Aan de Voorzitter van de Tweede Kamer der Staten-Generaal
Den Haag, 23 mei 2016
In de procedurevergadering van de vaste commissie voor Economische Zaken van 28 april
2016 is gesproken over het wetsvoorstel grondgebonden groei melkveehouderij (Kamerstuk
34 295). De commissie heeft mij verzocht aan te geven of er bezwaren zijn tegen een gelijktijdige
behandeling van dit wetsvoorstel Wet grondgebonden groei melkveehouderij en het nog
te ontvangen wetsvoorstel over fosfaatrechten.

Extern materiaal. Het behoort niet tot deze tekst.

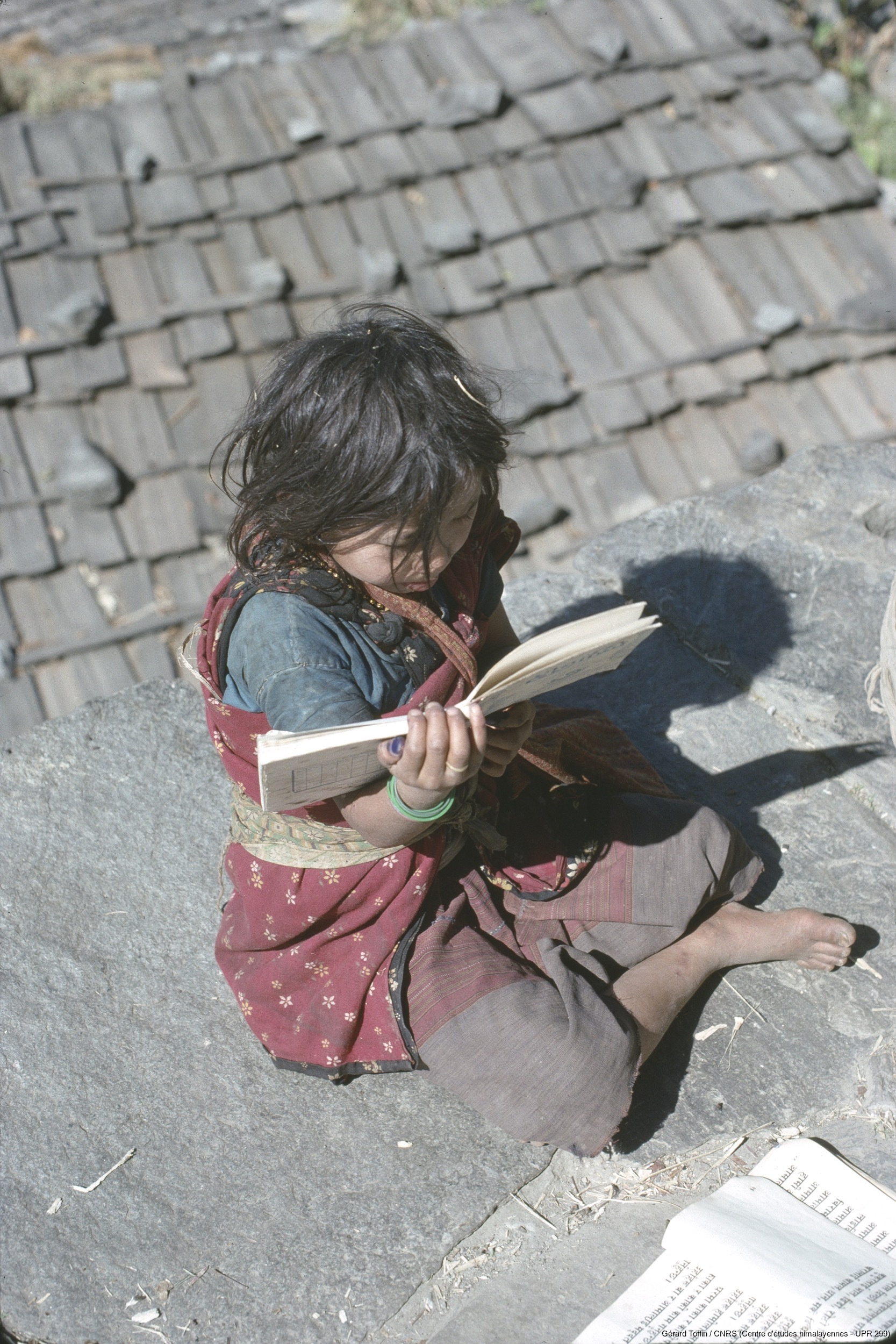 Album Tamang (1974-1985) / Fillette Tamang, à l'école en plein air de Barang  / Toffin, Gérard  / Barang (Dhading district), Népal

Tijdens de plenaire behandeling van de Amvb grondgebonden groei melkveehouderij (hierna:
Amvb) in de Eerste Kamer is, in reactie op de tijdens de behandeling van het Wetsvoorstel
verantwoorde groei melkveehouderij aangenomen motie Reuten c.s. (Kamerstuk 33 979, G), de toezegging gedaan om de verplichtingen uit de Amvb op te nemen in een wetsvoorstel
tot wijziging van de Meststoffenwet. Het streven bij dit wetsvoorstel was om het in
werking te laten treden met ingang van 1 januari 2016, zodat inwerkingtreding van
de Amvb achterwege kon blijven. De Eerste Kamer stelde zich op het principiële standpunt
dat de normen die in de Amvb zijn vervat in de wet opgenomen zouden moeten worden,
in de wetenschap dat het onzeker was of dat nog voor 1 januari 2016 zou lukken. Omdat
de procedure voor het wetsvoorstel niet tijdig kon worden doorlopen, is dan ook op
1 januari 2016 de Amvb grondgebonden groei melkveehouderij in werking getreden (Stb. 2015, nr. 344 en Stb. 2015, nr. 555).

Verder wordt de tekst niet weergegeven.